Background information
- Born: James Ivy Richardson II March 3, 1976 (age 50) Chicago, Illinois, U.S.
- Education: Illinois State University (BA)
- Genres: Spoken word
- Occupations: Poet; writer; author;

= J. Ivy =

American spoken word artist

James Ivy Richardson II (born March 3, 1976) is an American performance poet, spoken word artist, songwriter, and author. He won his first Grammy Award in 2023 with his sixth album, The Poet Who Sat by the Door.

Richardson is a three-time HBO Def Poet and is known for his performance on Kanye West's debut album The College Dropout (2004), which featured him on the song "Never Let Me Down" along with Jay-Z. He received an NAACP Image Award for his writing and on-camera narration of the BET documentary Muhammad Ali: The People's Champ.

==Early life and education==
J. Ivy was born March 3, 1976, as James Ivy Richardson II in Chicago, Illinois to James Ivy Richardson Sr. and Pamela Richardson. His father was a disc jockey and on-air personality who went by Jim Richards and hosted the morning hour show on radio station WVON. Pamela Richardson was a registered nurse.

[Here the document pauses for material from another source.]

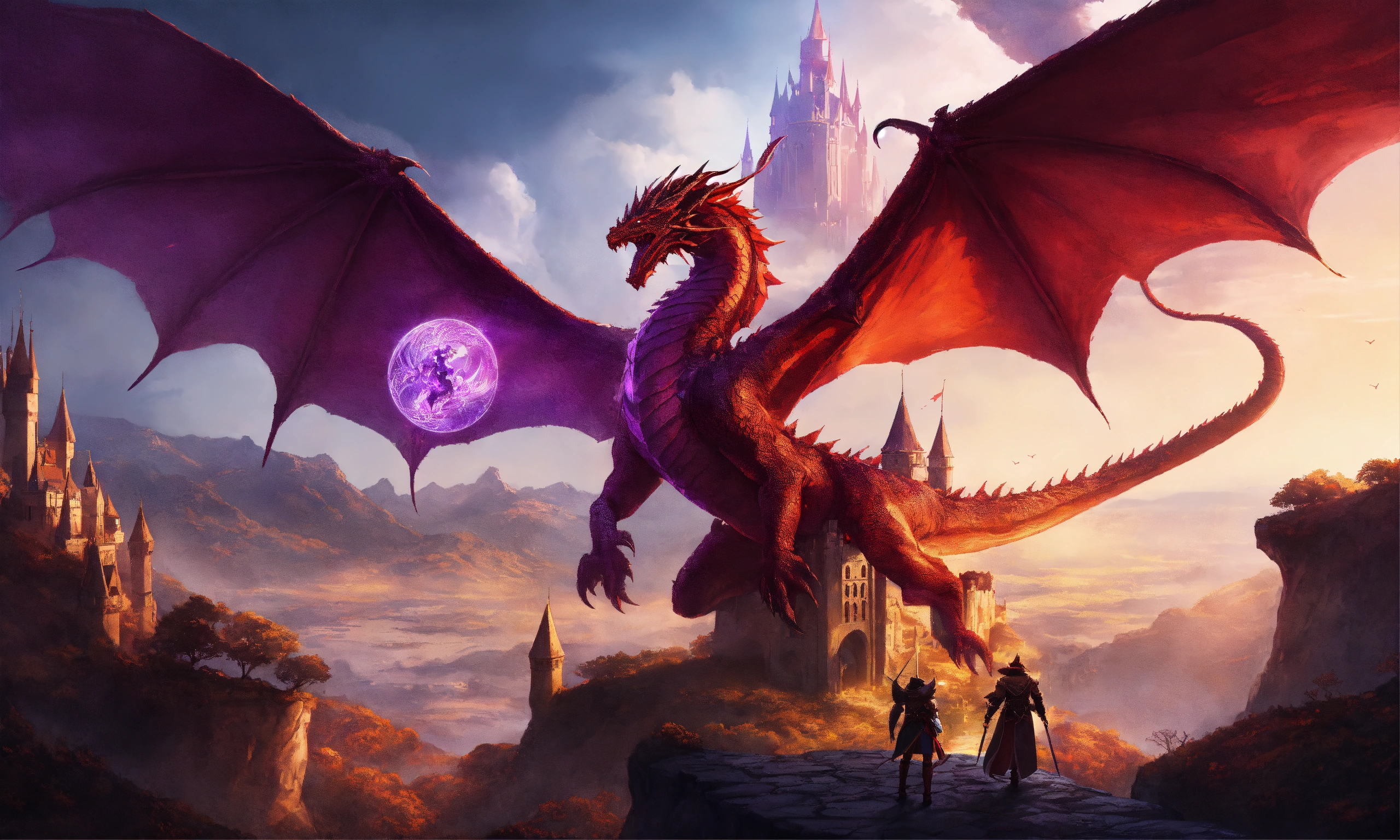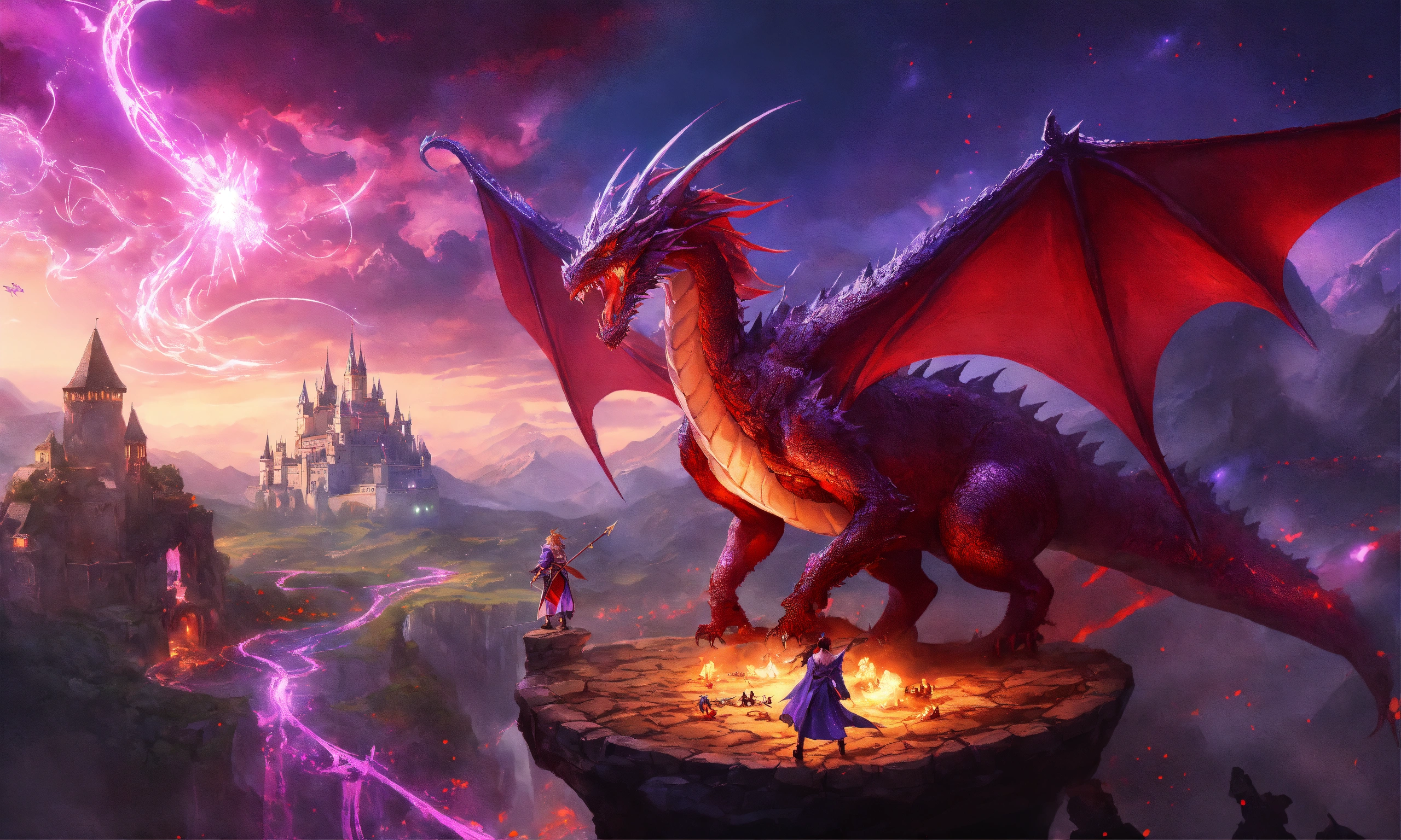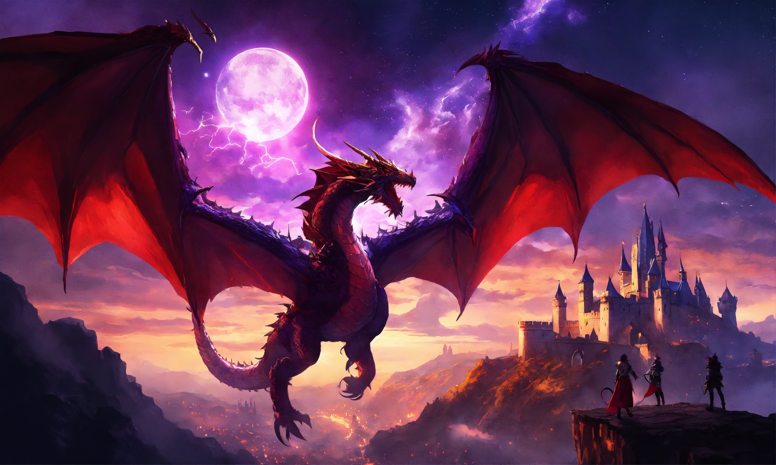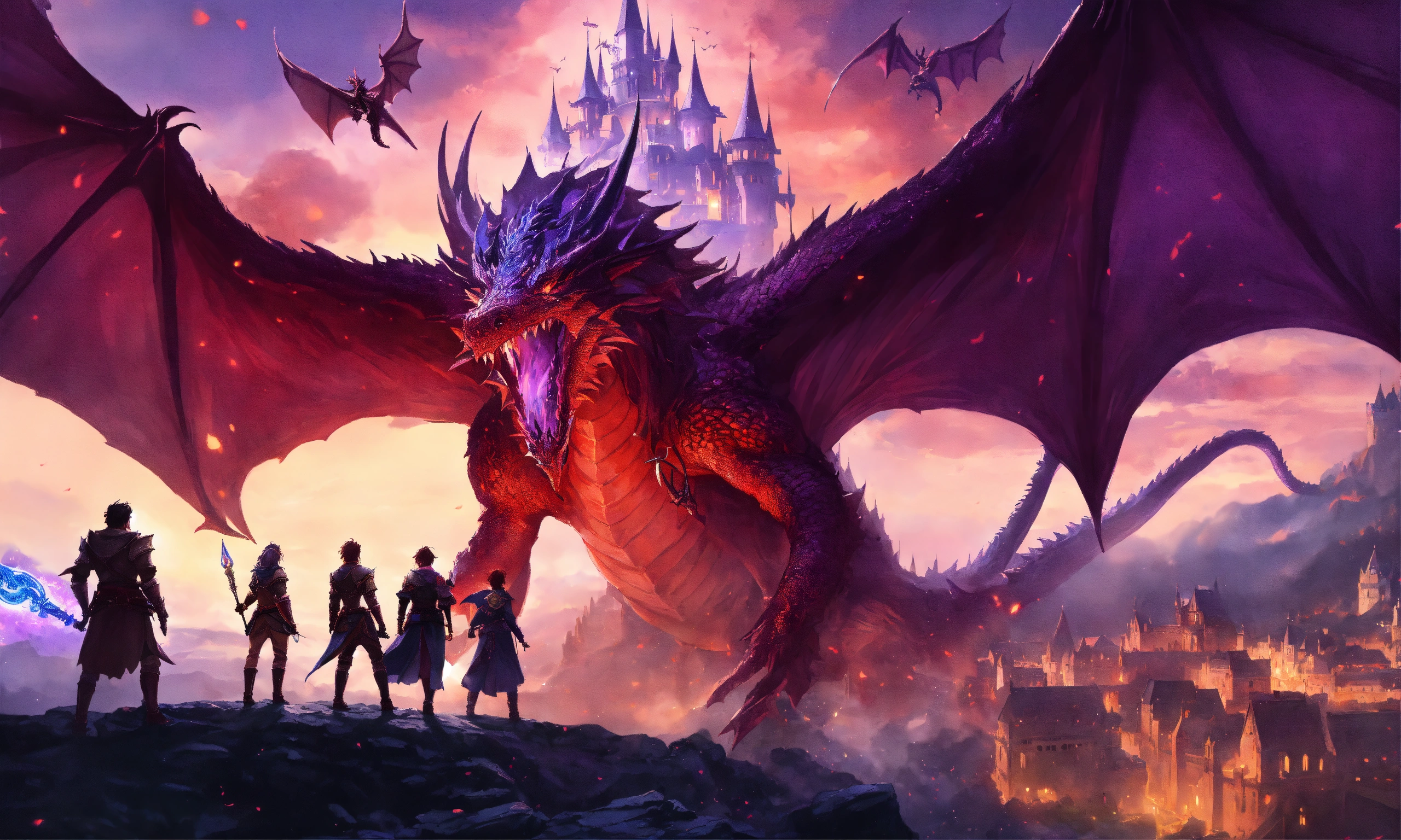 Anime, five fantasy heroes fighting a dragon, different d&d classes, facing a purple and red dragon with 4 wings, in a gorgeous realm, magic cast, nigh sky, castle in the background

J. Ivy grew up on Chicago's South side with his family until the age of 14 before moving to the South suburbs of Chicago, where he attended Rich Central High School in Olympia Fields, Illinois. Ivy discovered his poetry talent during his junior year when his English teacher asked him to perform a piece he had written for a routine homework assignment. He performed in front of the student body and received a standing ovation. J. was heavily influenced by his mother, who supported his budding talent by encouraging him to continue writing and publish his burgeoning body of work. After his successful school performance, J took his poetry passion as a serious hobby and began writing and performing regularly.

==Music career==
J. Ivy attended Illinois State University, where he became known on campus as "The Poet" and delved deeper into the art form. After college, J. Ivy returned to Chicago and frequently performed on the local arts circuit. As his popularity grew, J. Ivy was featured several times on Chicago's WGCI radio station and later became the host of "Rituals" (from 1997 to 2000), the most popular poetry night in Chicago and perhaps the nation at that time. He was eventually asked to come on Russell Simmons' Def Poetry Jam on HBO. He received a standing ovation for his performance of "I Need to Write" and was invited back for two encore appearances in later seasons where he performed his signature poems "Dear Father" and "Never Let Me Down".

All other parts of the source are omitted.